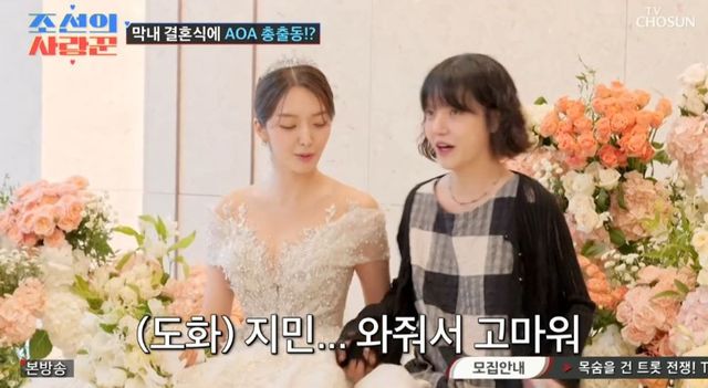 한편 이날 방송에선 임도화 송의환 부부의 결혼식 풍경도 공개됐다. 이날 설현, 혜정 등이 결혼식장을 찾은 가운데 마지막 지민의 방문에 이르러 임도화는 “와줘서 고맙다. 나 언니 보니까 울 것 같다”라며 울컥한 반응을 보였다. 임도화의 어머니 역시 지민과 포옹을 하며 특별한 정을 나눴다.
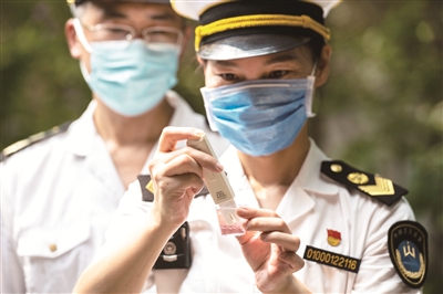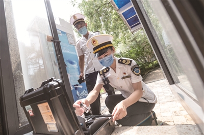 走出“地下”,滕艳霞和秦志如来到小区的地面。此刻,闷热感并没有减退。炙热的太阳“烧烤”着大地,两人戴着制服帽的额头上,汗水不住地淌。简单擦拭后,两人开始对小区的现场制售水机进行检查。滕艳霞从制售水机中接出一杯水,她先观察了生活饮用水的感官状况,随后将快速检测设备伸到水中。很快,相关数值就出现了。这时,她根据数值对比是否符合国家生活饮用水卫生标准。
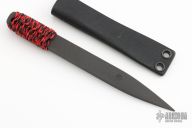 In 1988, he began making specialized knives for use by the military. This turned out to be fortunate turn of events, both for Mick and for the knife using world at large. Mick’s approach was to not get burdened by the weight of past designs. He started with a tabula rasa, a clean slate, informed only by his own experiences and knowledge of what a soldier needed in a knife. The knives he made didn’t look like the hunter-inspired knives seen in most PXs; instead they were almost brutish in their functionality: beefy, solid, and with unbreakable ¼” stock full tangs. These knives were the first indication of his innovative approach: in addition to their utilitarian design, the knives carried a subdued finish and subdued sheaths. No one carrying a Strider knife was going to be spotted because of sunlight glinting off of polished steel or a glossy leather sheath. Soldiers, policemen, and other men going into harm’s way couldn’t buy them fast enough. Mick sampled some good ideas, but made them great. For instance, he was not the first to wrap a knife handle with paracord, but he was the first to do it in a way that was tough enough for sustained infantry use. His knife line grew over the following years to include different varieties of fixed blades, all distinctive and many with specialized uses. But constant in all of them was a disregard for convention, and a desire to try new ideas. An example of this was the Ajax – it featured a very wide blade surface clearly designed to inflict damage. It drew on the weapons carried by Roman legionnaires, yet was modern and usable in the 21stCentury battlefield. Mick also worked on his technical skills, always striving to become better at the physical craft. At the 2002 Blade Show, a group of the best tactical knifemakers in the country decided to compete with each other to produce the most innovative and interesting fixed “battle blade” at the show. Mick’s entry, an incredible integral knife made out of ½” titanium stock with a zippered composite blade, gorgeous handles, and integral guard was the unanimous winner, and effectively retired the competition.
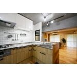 子育てがしやすい様にと間取りを見直して配慮したのは、奥さまがキッチンにいてもお子さまを見守りやすい状態である事。奥まったところにある壁付I型キッチンをL型の対面キッチンに替え、リビングダイニング側を開放。一部に壁と窓を設け、中が見えすぎないよう配慮し通風を確保しました。南面の2室をつなげて広いリビングダイニングを造り、上階の配管が走る天井は組みなおして防音性と断熱性を向上。壁は漆喰に、床は天然塗料で仕上げた無垢材で造り、お子さまものびのび遊べる心地よい空間としました。
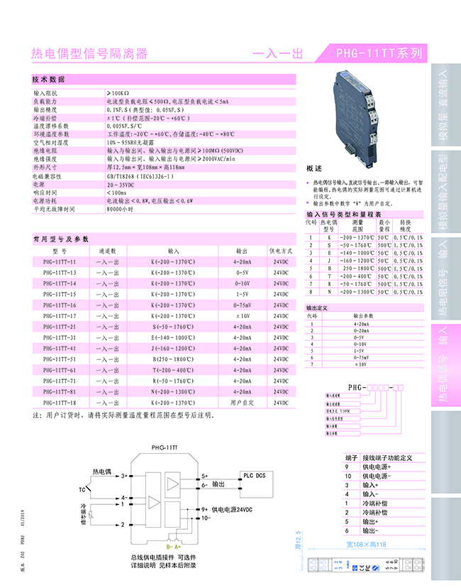热电偶信号输入,直流信号输出,一路输入输出,可智能编程,热电偶的事迹测量范围可通过计算机进行设定。
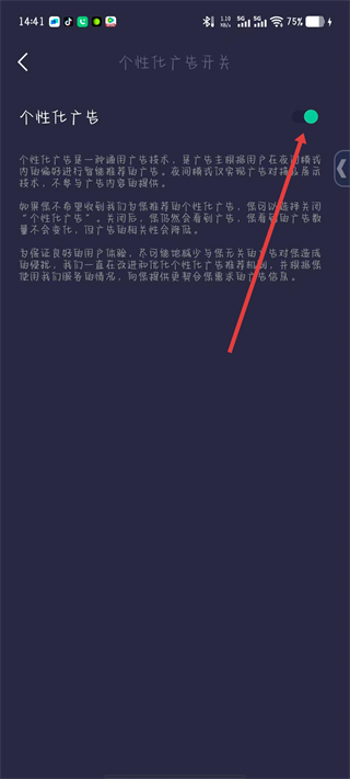 4、在個性化廣告開關頁面,點擊右側的開關。

• Task to carry out
If an entry contains an image, print the rest of that entry exactly and leave the image out.

• Your response
 한편 이날 방송에선 임도화 송의환 부부의 결혼식 풍경도 공개됐다. 이날 설현, 혜정 등이 결혼식장을 찾은 가운데 마지막 지민의 방문에 이르러 임도화는 “와줘서 고맙다. 나 언니 보니까 울 것 같다”라며 울컥한 반응을 보였다. 임도화의 어머니 역시 지민과 포옹을 하며 특별한 정을 나눴다.
 走出“地下”,滕艳霞和秦志如来到小区的地面。此刻,闷热感并没有减退。炙热的太阳“烧烤”着大地,两人戴着制服帽的额头上,汗水不住地淌。简单擦拭后,两人开始对小区的现场制售水机进行检查。滕艳霞从制售水机中接出一杯水,她先观察了生活饮用水的感官状况,随后将快速检测设备伸到水中。很快,相关数值就出现了。这时,她根据数值对比是否符合国家生活饮用水卫生标准。
 In 1988, he began making specialized knives for use by the military. This turned out to be fortunate turn of events, both for Mick and for the knife using world at large. Mick’s approach was to not get burdened by the weight of past designs. He started with a tabula rasa, a clean slate, informed only by his own experiences and knowledge of what a soldier needed in a knife. The knives he made didn’t look like the hunter-inspired knives seen in most PXs; instead they were almost brutish in their functionality: beefy, solid, and with unbreakable ¼” stock full tangs. These knives were the first indication of his innovative approach: in addition to their utilitarian design, the knives carried a subdued finish and subdued sheaths. No one carrying a Strider knife was going to be spotted because of sunlight glinting off of polished steel or a glossy leather sheath. Soldiers, policemen, and other men going into harm’s way couldn’t buy them fast enough. Mick sampled some good ideas, but made them great. For instance, he was not the first to wrap a knife handle with paracord, but he was the first to do it in a way that was tough enough for sustained infantry use. His knife line grew over the following years to include different varieties of fixed blades, all distinctive and many with specialized uses. But constant in all of them was a disregard for convention, and a desire to try new ideas. An example of this was the Ajax – it featured a very wide blade surface clearly designed to inflict damage. It drew on the weapons carried by Roman legionnaires, yet was modern and usable in the 21stCentury battlefield. Mick also worked on his technical skills, always striving to become better at the physical craft. At the 2002 Blade Show, a group of the best tactical knifemakers in the country decided to compete with each other to produce the most innovative and interesting fixed “battle blade” at the show. Mick’s entry, an incredible integral knife made out of ½” titanium stock with a zippered composite blade, gorgeous handles, and integral guard was the unanimous winner, and effectively retired the competition.
 子育てがしやすい様にと間取りを見直して配慮したのは、奥さまがキッチンにいてもお子さまを見守りやすい状態である事。奥まったところにある壁付I型キッチンをL型の対面キッチンに替え、リビングダイニング側を開放。一部に壁と窓を設け、中が見えすぎないよう配慮し通風を確保しました。南面の2室をつなげて広いリビングダイニングを造り、上階の配管が走る天井は組みなおして防音性と断熱性を向上。壁は漆喰に、床は天然塗料で仕上げた無垢材で造り、お子さまものびのび遊べる心地よい空間としました。
热电偶信号输入,直流信号输出,一路输入输出,可智能编程,热电偶的事迹测量范围可通过计算机进行设定。
 4、在個性化廣告開關頁面,點擊右側的開關。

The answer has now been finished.